# PROBLEM TO WORK ON:
Set down a faithful copy of every record below, with no images.

# SOURCE MATERIAL:
########

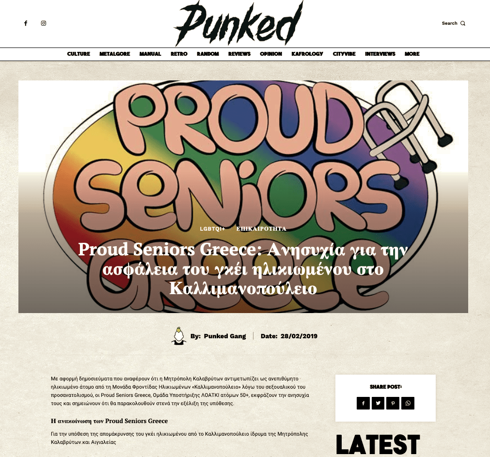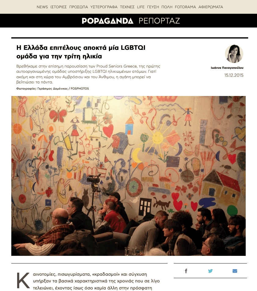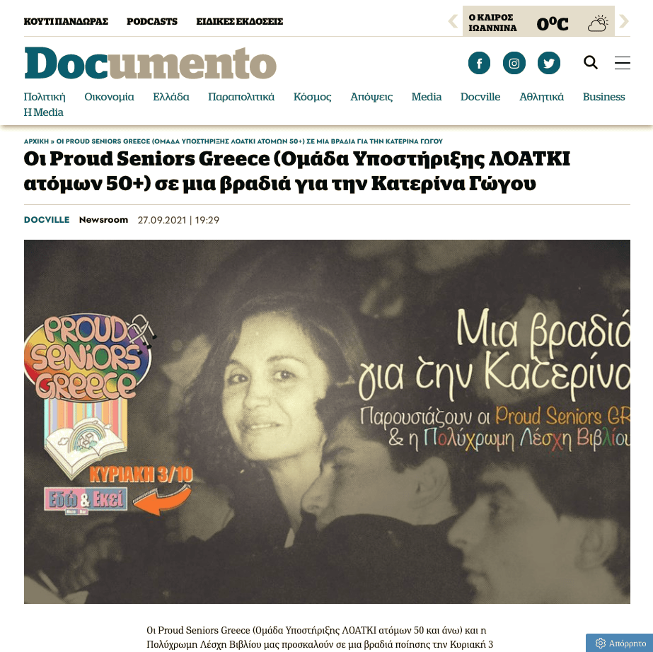 Οι Proud Seniors Greece (Ομάδα Υποστήριξης ΛΟΑΤΚΙ ατόμων 50+) σε μια βραδιά για την Κατερίνα Γώγου
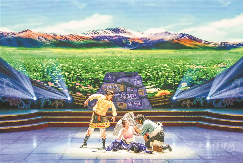 在團拜會節(jié)目演出環(huán)節(jié),隨著主持人一句“柳綠枝頭待燕歸,金雞賀歲開門紅”脫口而出,20余名活潑、歡快的少年涌上舞臺,就著音樂的節(jié)拍,揮手踏足、左挪右轉(zhuǎn),翩翩起舞;少年們舞動的長袖映著縷縷斑斕的光束,依如雄鷹在拍打著飛翔的翅膀。這便是此次演出的開場節(jié)目《雛鷹飛翔》,一場絢麗多彩的“甘孜春晚”由此火熱開演。隨后,一群體態(tài)輕盈、妝如仙鶴的女子用靈動的舞姿為甘孜祈福,點明了此次團拜會的一大主旨——祝福甘孜。
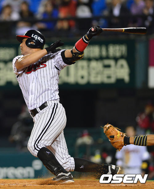 30일 오후 서울 잠실야구장에서 '2013 한국야쿠르트 세븐 프로야구' LG 트윈스 대 한화 이글스의 경기가 열렸다. 8회말 LG 공격 2사 2, 3루 상황 8번 최경철이 역전 2타점 우전 적시타를 날리고 있다.
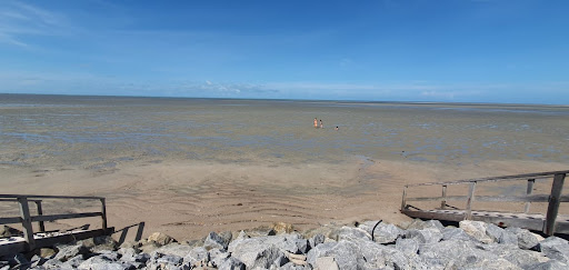 Read moreÓtima experiência. A praia permite visualizar uma variação de maré muito acentuada, o que é único nas praias do Ceará. Chegamos por volta das 14:15, quando a maré já estava subindo, mas ainda longe da costa, e saímos pelas 16:15 com a maré já alcançando as pedras, como se vê nas fotos. Recomendo ir quando a maré está baixa e ficar até ela subir, pois o mar é muito calmo e perfeito para o banho, principalmente com crianças. É possível conferir esses horários pesquisando por "Tábua das marés Acaraú...
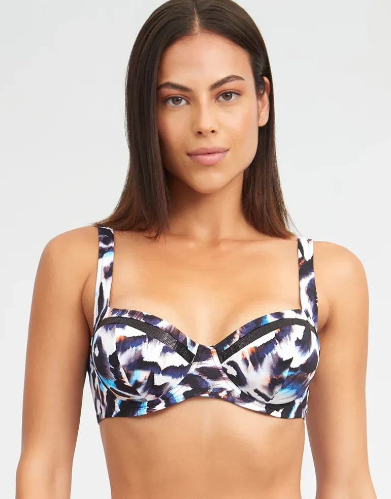 The Alika Balcony bikini top from Nuria Ferrer in a beautiful multicoloured animal print is a supportive, underwired, balcony style bikini with soft moulded cups and adjustable straps.
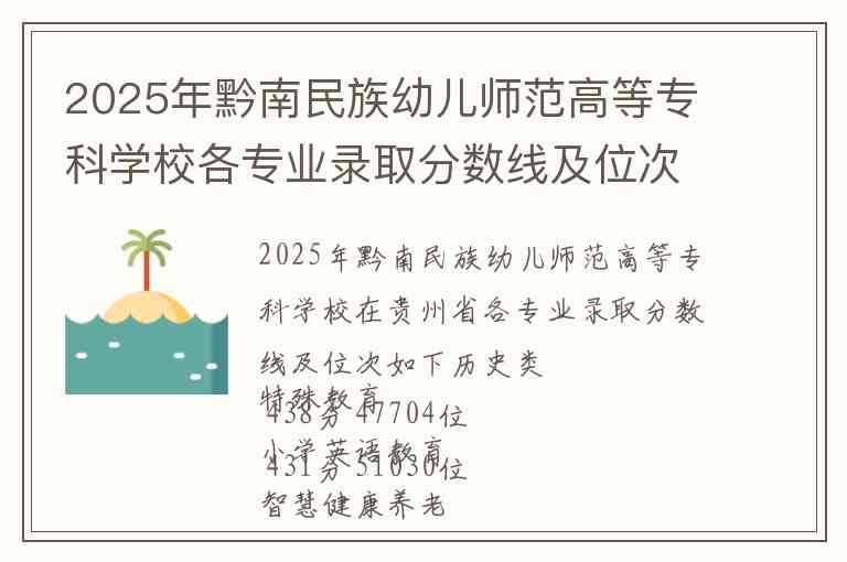 2025年黔南民族幼儿师范高等专科学校在贵州省各专业录取分数线及位次如下

########

# ANSWER TO THE EXERCISE:
 Οι Proud Seniors Greece (Ομάδα Υποστήριξης ΛΟΑΤΚΙ ατόμων 50+) σε μια βραδιά για την Κατερίνα Γώγου
 在團拜會節(jié)目演出環(huán)節(jié),隨著主持人一句“柳綠枝頭待燕歸,金雞賀歲開門紅”脫口而出,20余名活潑、歡快的少年涌上舞臺,就著音樂的節(jié)拍,揮手踏足、左挪右轉(zhuǎn),翩翩起舞;少年們舞動的長袖映著縷縷斑斕的光束,依如雄鷹在拍打著飛翔的翅膀。這便是此次演出的開場節(jié)目《雛鷹飛翔》,一場絢麗多彩的“甘孜春晚”由此火熱開演。隨后,一群體態(tài)輕盈、妝如仙鶴的女子用靈動的舞姿為甘孜祈福,點明了此次團拜會的一大主旨——祝福甘孜。
 30일 오후 서울 잠실야구장에서 '2013 한국야쿠르트 세븐 프로야구' LG 트윈스 대 한화 이글스의 경기가 열렸다. 8회말 LG 공격 2사 2, 3루 상황 8번 최경철이 역전 2타점 우전 적시타를 날리고 있다.
 Read moreÓtima experiência. A praia permite visualizar uma variação de maré muito acentuada, o que é único nas praias do Ceará. Chegamos por volta das 14:15, quando a maré já estava subindo, mas ainda longe da costa, e saímos pelas 16:15 com a maré já alcançando as pedras, como se vê nas fotos. Recomendo ir quando a maré está baixa e ficar até ela subir, pois o mar é muito calmo e perfeito para o banho, principalmente com crianças. É possível conferir esses horários pesquisando por "Tábua das marés Acaraú...
 The Alika Balcony bikini top from Nuria Ferrer in a beautiful multicoloured animal print is a supportive, underwired, balcony style bikini with soft moulded cups and adjustable straps.
 2025年黔南民族幼儿师范高等专科学校在贵州省各专业录取分数线及位次如下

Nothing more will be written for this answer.